Richard achieved the fusing of memory and emotion perfectly by two filmed statements. Every feature which we decided to include during our walk around the camp was mentioned, all in the correct order and nothing noted on paper: ‘Earth, conceal not the blood shed on thee’ – the epitaph of Belsen on the Jewish monument, a grave to a whole family, a square of marble laid down in the heather, the unknown dead down in the woods, some with small posies of flowers on their graves, the mass burial mounds of 800, 1,000, 5,000. And all of it told in simple prose empty of adjectives. He captured the silence, the mood, his own memories with a gift of style and sympathy which was matchless. ‘When you come back after twenty years, you find the Belsen concentration camp almost, though not entirely, unrecognisable. Gone are the huts and the compounds and the barbed wire and the poor tottering people that were staggering about and the SS guards, men and women – they’ve all disappeared. The furnace where they hit them on the head and pushed them in the fire: all this has gone. And on a day like this, cold and rainy, such a contrast to the spring day on which I came here twenty years ago, there’s nothing here but the desolation of heathland. All that you really find to remind you of this place, other than perhaps the lay-out of it which I can remember as I stand here now, are graves…

We spent four hours at the camp on this wet and cold morning. We walked everywhere, down gravel paths, across soaking heather, into the woods, stumbling over decaying boots and pieces of cloth and a mildewed truncheon. Apart from these fragments, the heather and the grass had reclaimed this evil ground. By the end of the morning we were as cold as the gravestones. But never once was there any complaint, and not until we were completely satisfied with the filming did we leave.

Then we drove away through the hamlet of Belsen to a roadside restaurant, and pondered at the irony.

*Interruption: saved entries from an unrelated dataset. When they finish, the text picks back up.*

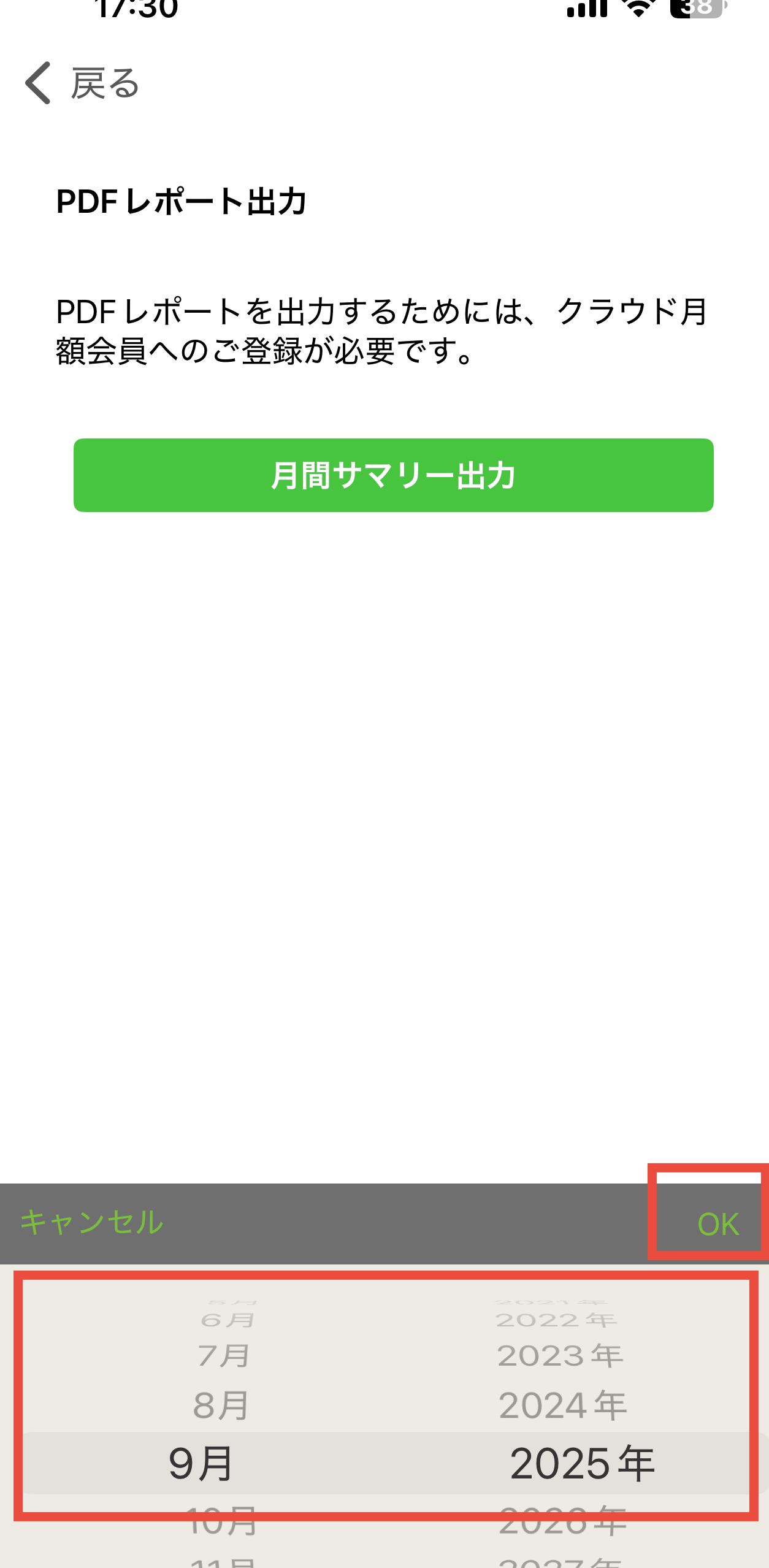 5.下部のトグルから出力したい「年」と「月」を選択し右上の「OK」を押します。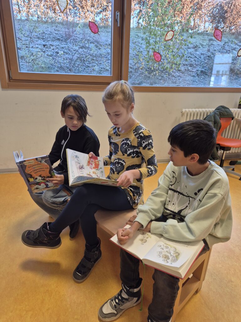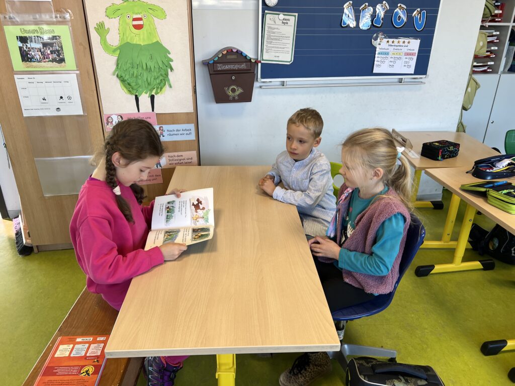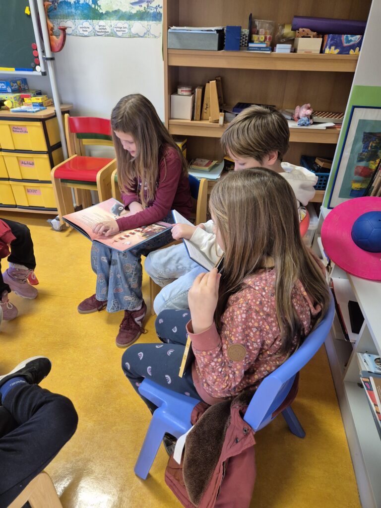 • Drittklässler hatten Kindergartenkinder zu Besuch und begeisterten die Kleinsten mit ihren Büchern und Geschichten.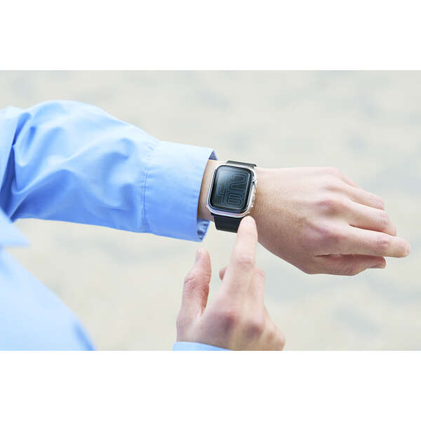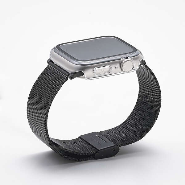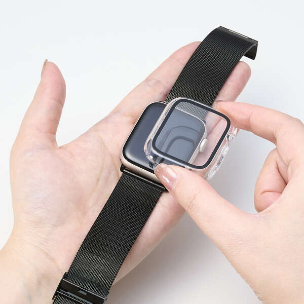 画面の視認性に優れる高透明なガラスとポリカーボネート樹脂で、端末を傷や汚れから守るApple Watch用フルカバーケースです。

It was a strange communion, this return of Richard Dimbleby to Belsen. The terrors of the place lingered in the trees, the monuments to suffering and courage were in every glance. A huge wooden cross stood on the site of the ovens. Wreaths, some of them five years old, some of them new, lay beneath it. There was a prayer written on a scrap of paper by a woman prisoner in the Ravensbruck concentration camp for those who were tormenting her. When Richard read it, there seemed to be a relevance to his own condition, to the strength with which he fought his pain, and to the way in which he lived with it. ‘O Lord, remember not only the men and women of good will but also those of ill will. But do not only remember all the suffering they have inflicted on us. Remember the fruits we bought, thanks to this suffering. Our comradeship, our loyalty, our humility, our courage, our generosity, the greatness of heart which has grown out of all this, and when they come to judgment, let all the fruits that we have borne be their forgiveness.’